The model performs differently across surfaces, reflecting the varying levels of predictability inherent to each surface type. Grass courts, where serve dominates and the better server tends to win, show the strongest signal.
| Segment | Accuracy | Matches |
|---|---|---|
| ATP Tour | 64.7% | 1,266 |
| WTA Tour | 66.6% | 1,115 |
| Best-of-5 | 71.8% | 252 |
| Best-of-3 | 64.9% | 2,129 |
The WTA tour shows slightly higher accuracy than ATP (66.6% vs 64.7%), likely reflecting the WTA's wider spread of talent making favorites more reliably predictable. Best-of-5 accuracy jumps to 71.8% because the longer format reduces variance and allows the stronger player to emerge more consistently.
Beyond winner prediction, the simulation engine tracks accuracy across derivative markets:
After the model produces calibrated probabilities, they're compared against the best available live odds across multiple bookmakers to identify where the model disagrees with the market. When the model sees a player's chances as meaningfully higher than the odds imply, that's a potential edge.
The system converts posted odds to implied probabilities, then compares them against the model's calibrated output. The difference (model probability minus implied probability) is the edge. Positive edge means the model thinks the outcome is more likely than the market's price suggests.
Every detected edge is assigned a confidence tier based on the magnitude of the discrepancy. The tiered rating system helps distinguish between marginal edges that might not survive market movement and substantial edges where the model has high conviction.

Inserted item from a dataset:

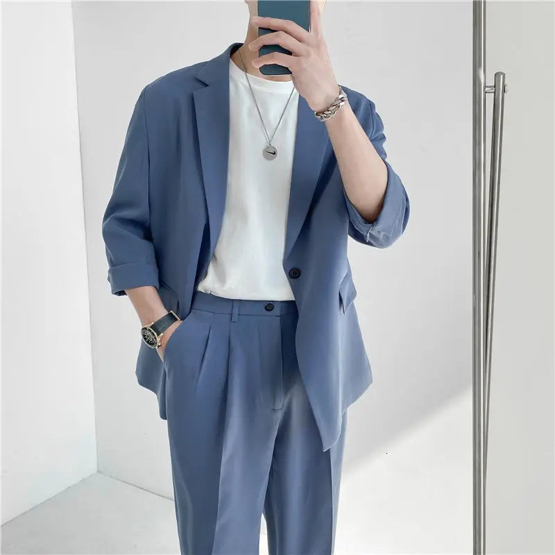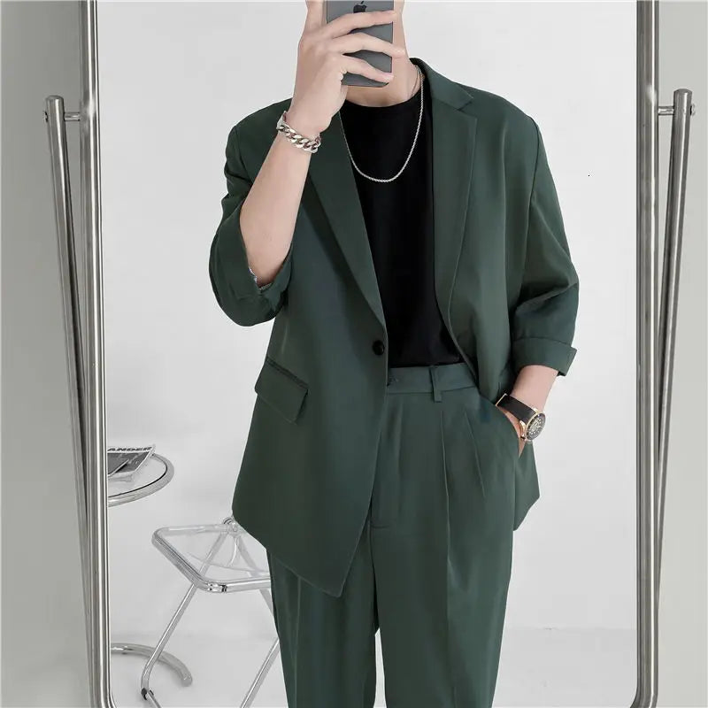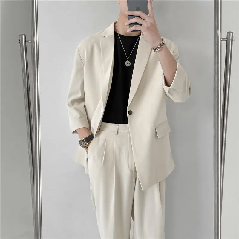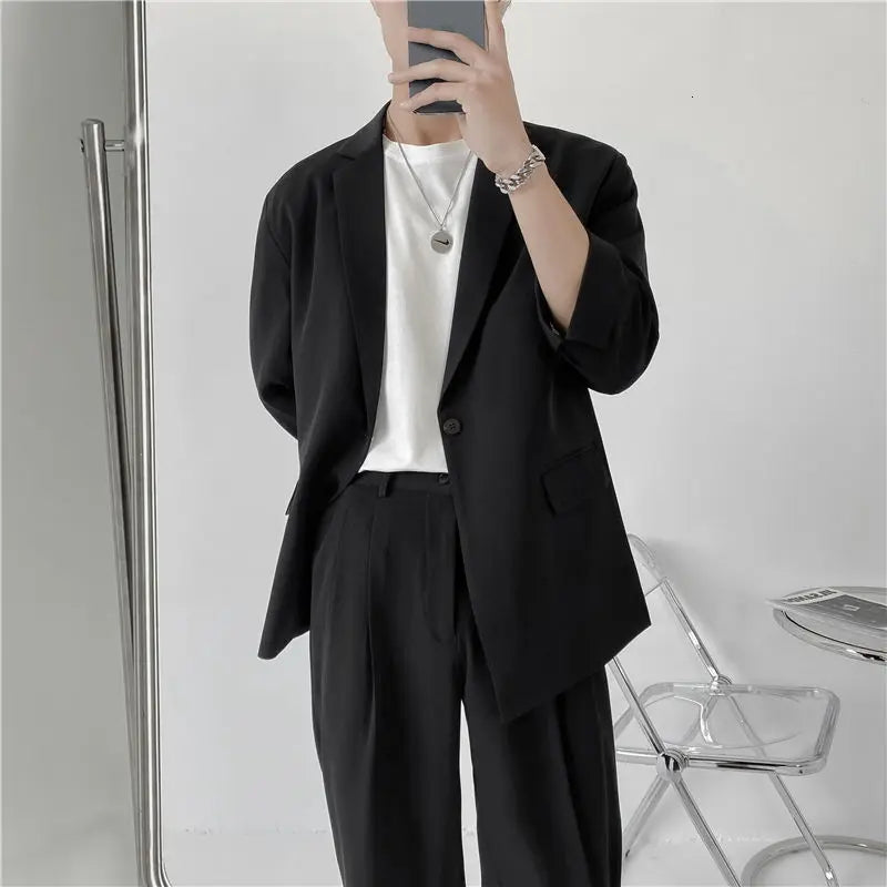 Spring Summer British Style Formal Blazer Men Korean Fashion Loose Casual Dress Jacket Men Harajuku Social Suit Jacket Men M-2XL

The system evaluates multiple markets for every match on the card:
| Market | What It Means |
|---|---|
| Moneyline | Model thinks a player wins more often than odds imply |
| Total Over | Model projects more games than the book's line |
| Total Under | Model projects fewer games than the book's line |
| Straight Sets | Model expects a dominant performance |
| 1st Set Winner | Model favors a player in the opening set |
Every model has blind spots. Acknowledging them is as important as explaining what the model does well. Here are the areas where our tennis system is most likely to be wrong or imprecise.
The model treats serve dynamics as constant throughout a match. In reality, players adjust tactics mid-match, fatigue shifts serving patterns, and momentum creates streaks that a static estimate can't capture. A player who struggles in the first set but typically raises their level will be undervalued by pre-match projections.
We have no real-time injury data. A player nursing a hip injury who plays at 80% capacity will be projected at their full statistical level. The model detects declining form through recency-weighted statistics, but acute injuries that haven't yet affected results are invisible.
When a player moves to a surface they've rarely played on, the model relies heavily on regression toward the tour average and rating transfer from related surfaces. For established players, this works well. For young players with thin records on a new surface, projections carry more uncertainty.
Retired matches are excluded from scoring because they don't reflect the full competitive outcome, but the model can't predict which matches will end in retirement. A player trending toward retirement due to fitness concerns may still be projected normally.
The tennis betting market is less liquid than major US sports, which means odds can be softer, but it also means they can move quickly. The odds captured at pipeline runtime may differ from the odds available later. A detected edge at 8% may have narrowed considerably by the time you see it.